My brother in law is a caterer and he always figures 1 1/2 samiches pp.  Now being that there are a lot of kids you could adjust that to 1 sammie.  I would still really consider having someone put the meat on the plate, ESPECIALLY with kids.  They won't overload because they're hungry, they just don't know the difference.  Once everyone has a go though you can abandon the station.  This also give you the ability to see if you're starting to get low you can start making the sammiches smaller.  Another something I would consider is if 100 of them are kids, wouldn't plain old hot dogs be a quicker easier solution??  They would probably be happier, most don't appreciate good Q at a young age.


----------



## bigal (May 17, 2007)

Thanks for all the advise.  I've talked w/the people in charge and they won't be able to have someone serve the meat.  I may not even be able to be there myself due to harvest.  

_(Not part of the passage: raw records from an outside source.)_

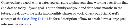 Because our seeing similarly coloured elements as being part of a group (see the Gestalt Principles, for more, the Head of UX Practice at Scott Logic Graham Odds’ presentation on data visualisation), we see the blue text ‘Cascading To Do List’ as inherently different from the surrounding text. This difference draws our attention, signifying that there may be something functionally different about it. If we move our cursor over this blue text, we trigger more actions: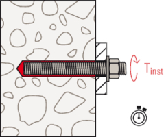 - Bei der Durchsteckmontage wird der Ringspalt zwischen Ankerstange und Anbauteil mit dem Injektionsmörtel FIS SB verfüllt.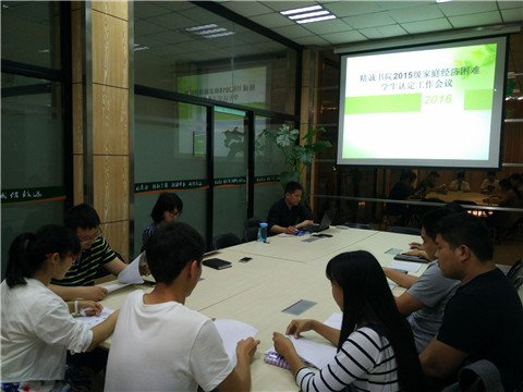 为做好我院2015级家庭经济困难学生认定工作,切实保证国家制定的各项高等学校资助政策和措施真正落实到家庭经济困难学生身上,针对贫困生认定工作,精诚书院在学生会办公室开展了2015级家庭经济困难学生家庭经济困难学生认定工作会议。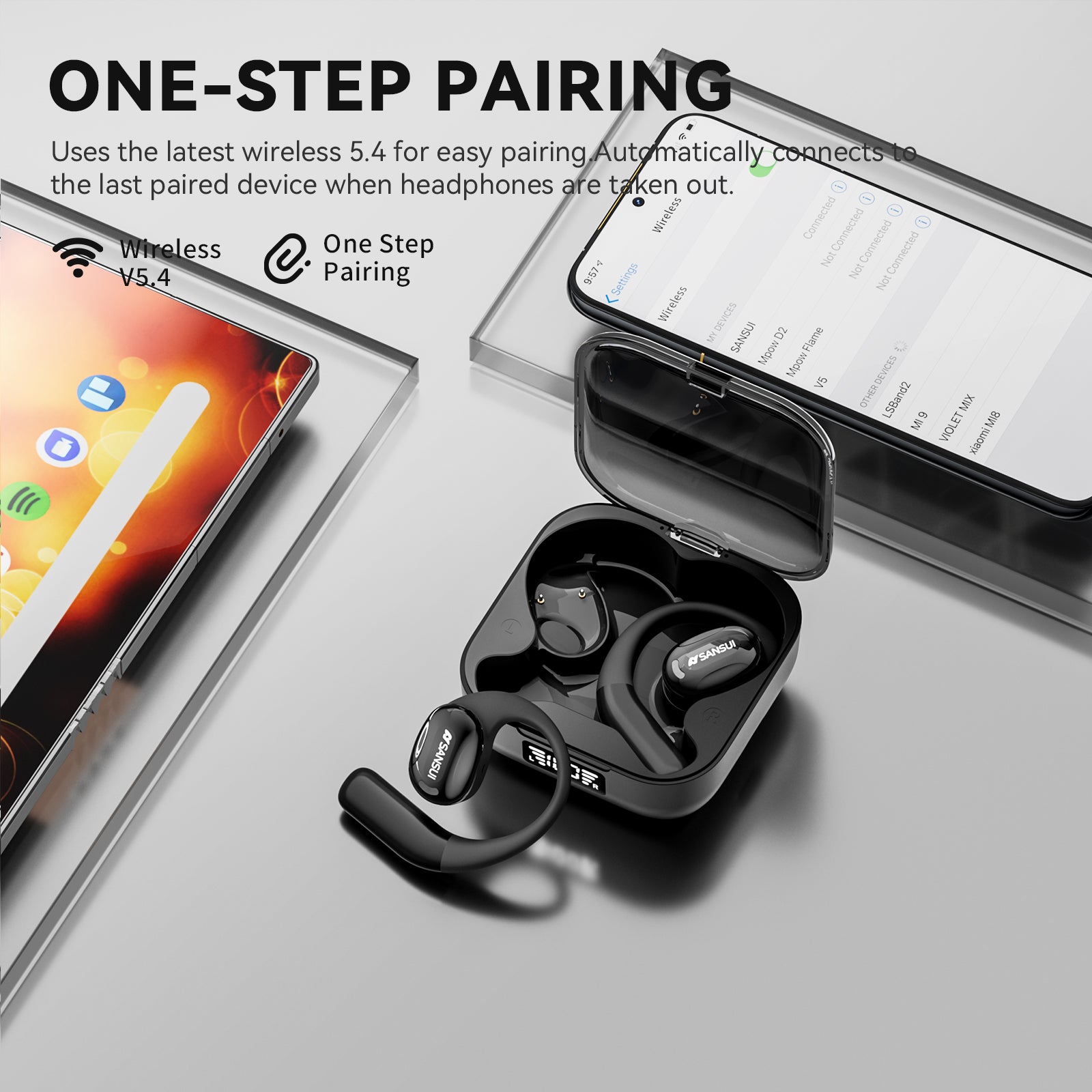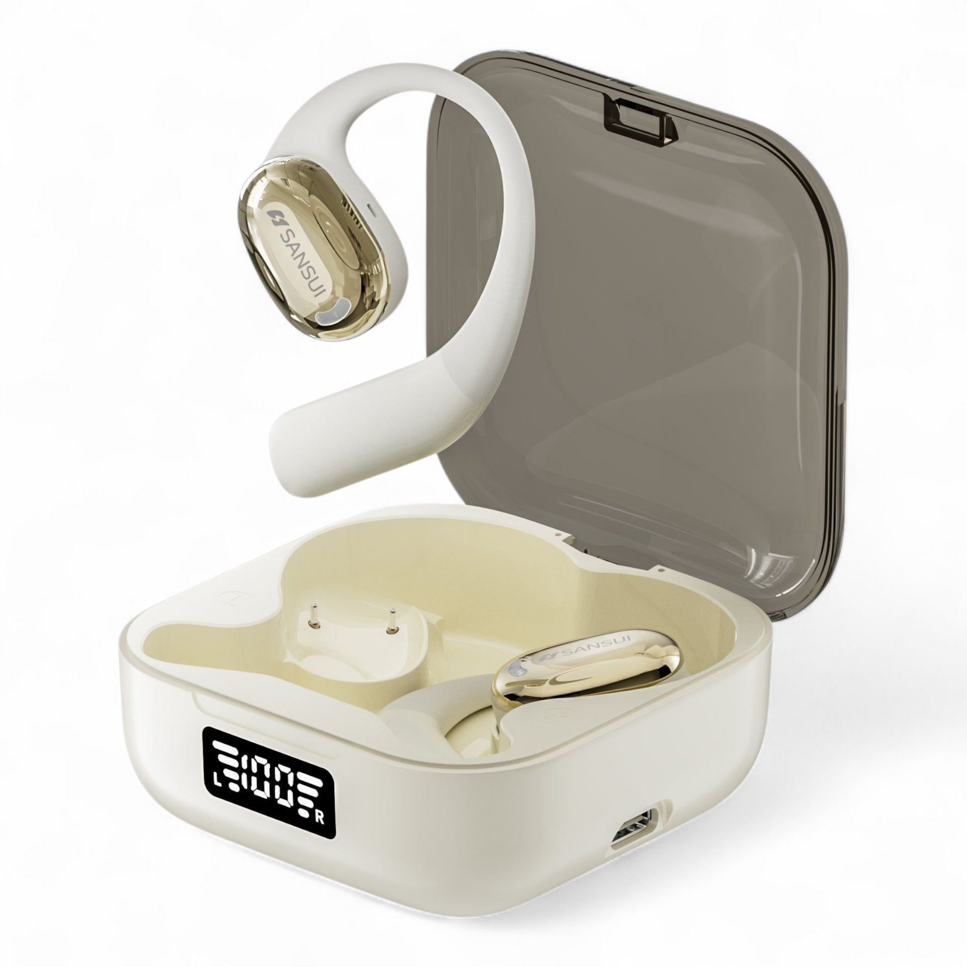 Nýjasta flaggskipið í heyrnartólum frá Sansui sem er ný og endurbætt útgáfa af TW93 tólunum. Tólin eru sérstaklega hönnuð fyrir þá sem vilja fá almennilega festingu yfir eyrun og eiga í minni hættu á að missa þau úr eyrunum ásamt því að geta heyrt í umhverfinu líka. Tólin koma með öflugri bluetooth 5.4 flögu sem tengist tækinu samstundis og tekið er úr boxinu. Þau bjóða uppá tæran og góðan hljóm sem og þéttan bassa. Einnig koma þau með öflugu batterísboxi með display skjá sem getur fullhlaðið heyrnartólin allt að þrisvar sinnum en hver hleðslu tekur um 1.5 klst og endist í allt að 9 klst.

The person who usually did the meat was expensive and I guess it wasn't good.  Some of the 4-h'ers even said if that person cooked again they wouldn't go, which is sad since the whole thing isn't for the food.

Anyway, they want brisket and pulled pork, so I will do that.

I'm gonna try out Dionysus' spreadsheet and see how far off I am.  Want to give them an estimate asap so they can decide soon

Thanks Dionysus, it should help a bunch!


----------